Thursday 21 July 2016

TMax Fever

This article is about hot weather starting on the Yamaha XP500. You can ignore it if you're here to read about the stupid and embarrassing things happen to me.

There is a much discussed phenomenon where the TMax will run poorly or not start in very hot weather, or will not start in direct strong sunlight after it has been parked for a few tens of minutes. The received wisdom is that the fuel pump doesn't work at high temperatures and starves the engine.

I have a different idea, and a little evidence to back it up.


TMax fever is simply a symptom of a weak battery. When the coolant gets over temperature the bike runs a large electric cooling fan. The current that the fan draws pulls the battery voltage down and the bike either refuses to run the fuel pump, or the fuel pump runs ineffectively. 

Supporting evidence

My Tmax has failed to start in hot weather on three occassions. The engine turns over but it never fires.

I know for sure that the battery was on the way out, but I was too cheap and lazy to buy a new one.

When the cooling fan cuts in it's loud, on the most recent occasion I could hear the fan labouring and its pitch changed with engine revs - it was getting more power when the engine was turning the alternator.

I'm unconvinced that the fuel pump itself can develop a temperature sensitive fault and recover when the temperature drops, but we know that there is an accurate thermostat in the electrical system - the one that turns the cooling fan on.

But if the battery is borderline-fucked how do you keep starting and riding the bike?

As soon as the bike is running, battery capacity is almost irrelevant, all the power comes from the alternator.
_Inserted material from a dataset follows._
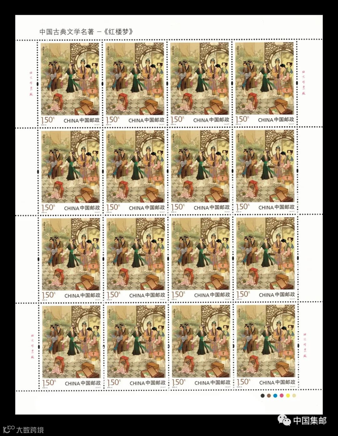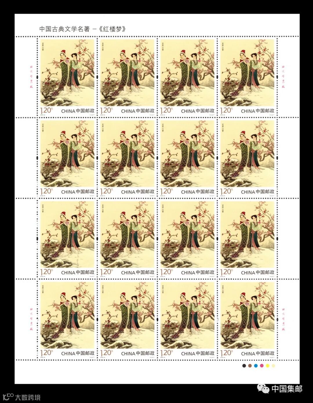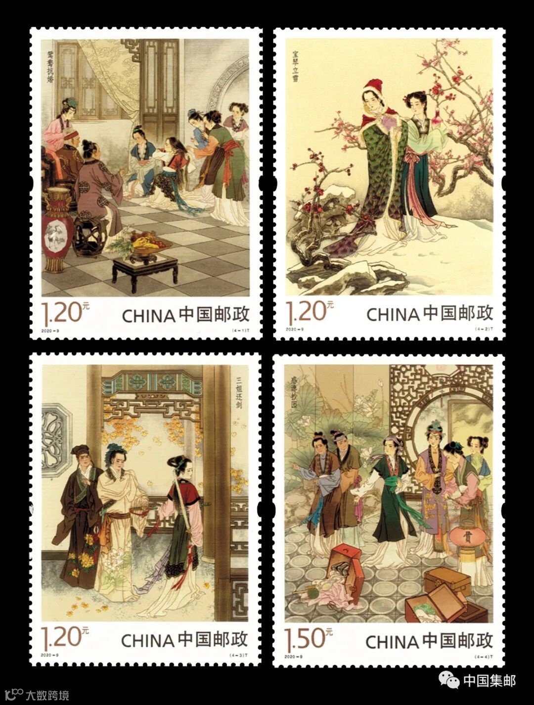 中国邮政定于2020年5月17日发行《中国古典文学名著——〈红楼梦〉(四)》特种邮票1套4枚,小型张1枚。
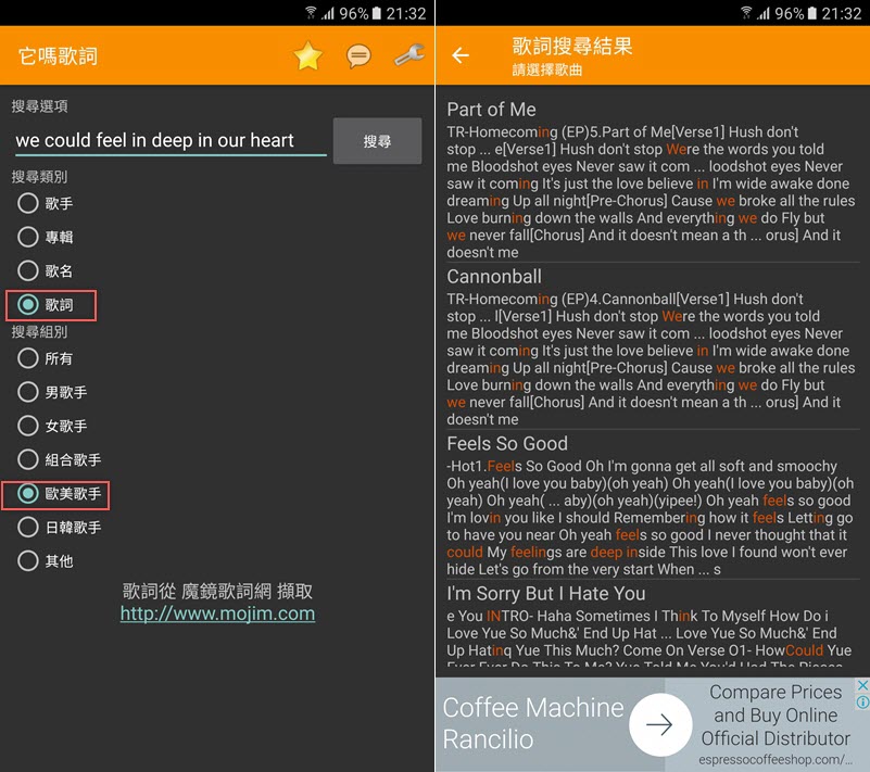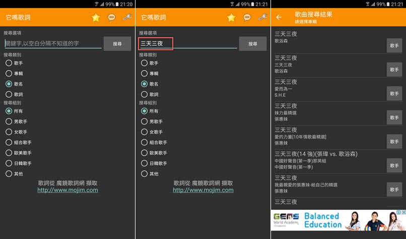有時候在路上聽到一首好聽的歌,但只聽得出部分歌詞,通常會回來上網 Google 看看,不過 Google 的資訊太多,可能還要從結果慢慢去找,其實可以下載「它嗎歌詞」這個 APP,內容取自「魔鏡歌詞網」,可以輸入歌手、歌名、專輯、歌詞來搜尋,歌手部分也可選擇男女歌手、組合歌手、歐美歌手、日韓歌手等,或者只是想回味一下喜歡的歌,也可以用這個 APP 找歌詞出來。

TMax's are remarkably easy to start. They only have two cylinders and those have a low friction ceramic lining, there's a heavy contra-piston storing up energy like a flywheel, it's got semi dry-sump lubrication, and the ecu is brilliant. I bet it waits until the engine is up to speed and richens and retards like crazy to get the first spark to spin the engine.

I've been riding to work for months a bike with such a knackered battery that it can't keep the luggage locker light on for more than a couple of hours.

Further experiments

I've now got a TMAX that is susceptible to the fever, but that has a brand new high-quality battery. If the temperature ever gets up to 30 I'll ride it until its hot, park it in the sun, and then see if it starts half an hour later. I'll update this article with any results, but sadly I live in the ancestral home of grey tepid weather.

If anybody gets a TMAX turning over but not starting in really hot weather, please try to get some jump leads on it and let me know what happens (in the comments). You need a phillips #2 screwdriver, a 10mm spanner, and about 20 minutes.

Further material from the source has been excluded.